From a Large Minority to a Small Community
Jews had always been a minority wherever they had lived, but in Eastern Europe they were a large minority prior to the Holocaust. Yiddish was a language so widely spoken that many non-Jewish Poles and Lithuanians had a comprehension of it, and those who worked in certain trades sometimes even mastered it.5 In Northern Europe, Jews encountered a different Jewish culture and a new social position.
From being part of a very large minority—who in fact constituted the majority of the population in the part of town they came from—they became a very small minority, and they were confronted by an assimilatory and rather homogeneous non-Jewish environment.There were also substantial differences between the Nordic countries regarding social relations and values within the Jewish communities. The Eastern European Jews who moved to larger cities like Copenhagen, Gothenburg, and Stockholm met acculturated Jewish communities like the bourgeois Jews of Western Europe. These were communities and individuals with a rather stable economic position that in particular fostered the idea of the Germanic Bildung. Many regarded themselves as Danes or Swedes with a Mosaic faith rather than as ethnic Jews (Bredefeldt 2008, 214; Thing 2008, 25). The newcomers to Sweden and Denmark had to deal with the established communities’ bourgeois way of life and strong opinions on how Jewishness should be expressed.
Thus, clear class and cultural distinctions between the old families and the Eastern European newcomers developed. For the likes of the Schwartzmans, who might have been impoverished but had probably belonged to the upper strata in Nayshtot, this may have been a difficult experience. In addition, the established communities’ path of assimilation or acculturation was not an option for most newcomers. Rather, they defined themselves by traditions, culture, and Zionism (Banik 2016; Ekholm and Muir 2016).
Not surprisingly, this created mutual suspicions. The established families feared that the Eastern European newcomers, with their foreign habits, language, and appearance, would cast a shadow on all Jews and increase the anti-Semitism they so carefully tried to avoid (Bredefeldt 2008, 77–78).Despite the relative absence of discriminatory laws regarding civil rights, Jewish migrants were not necessarily warmly welcomed in the Nordic countries. For instance, Swedish and Norwegian authorities clearly discriminated against the naturalisation of Eastern European Jewish applicants (Carlsson 2004; Johansen 2005). As mentioned above, Jews were not granted citizenship in Finland until 1918. Anti-Semitism was latent at most times, but anti-Jewish sentiments were present in cartoons, media, and fiction (Andersson 2000; Lien 2016; Ekholm 2013, 109–110). Importantly, most of the anti-Semitism was directed against a particular notion of Jews or Jewishness, such as the Bolshevik Jew or the capitalist Jew. Only occasionally did sentiments target actual Jews living in the Nordic countries (e.g. Banik 2015, 21–30). Nevertheless, whether it was a fear of Bolshevism or criticism of capitalism, the idea of Jews as a factor behind the forces that were shaking up the modern world was often present in the rhetoric, regardless of the actual number of Jewish individuals (Ekholm and Muir 2016, 176). While there were no pogroms in the Nordic countries, the social sphere for Jews was rather narrow.

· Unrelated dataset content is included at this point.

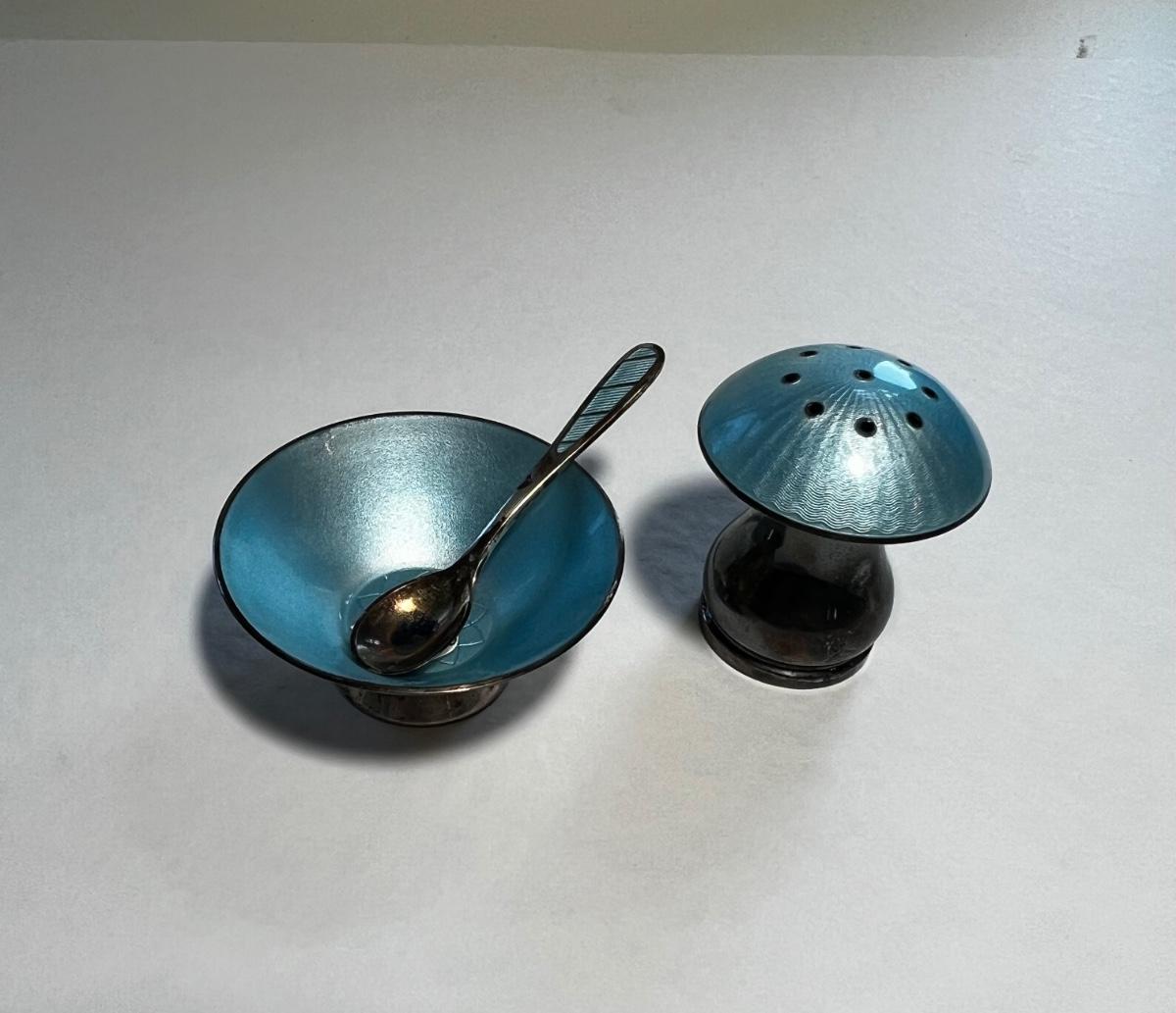 Denmark Danish Sterling Silver & Enamel (Blue) Salt& Pepper Shakers, V. B M&N

While Jewish life in Eastern Europe was gradually becoming more diverse, as outlined above, life in the Nordic countries was more one-dimensional. On the one hand, migration enabled families to pick and mix between the traditions they wanted to keep and new ideas, so they had an opportunity to develop new Jewish identities. On the other hand, because of their small numbers and the presence of Jews already living in Denmark and Sweden, the communities were characterised by conformity. The number of Jewish organisations was few, and it was to some extent expected that all members would contribute to the community’s maintenance. Hence, conformity made the choice of perceived Jewish values more limited.
In addition, we know that it was imperative to keep up appearances. For example, speaking Yiddish publicly was frowned upon by the children that were born in the Nordic countries (Banik and Levin 2010; Harviainen 1986, 16). It was important not to provoke society in general, and values and traditions from Eastern Europe that were not well received in their new home country were quickly abandoned. In addition, they responded to the host society’s ideas of ‘Jewish behaviour’ by actively avoiding undertakings that could confirm anti-Jewish sentiments.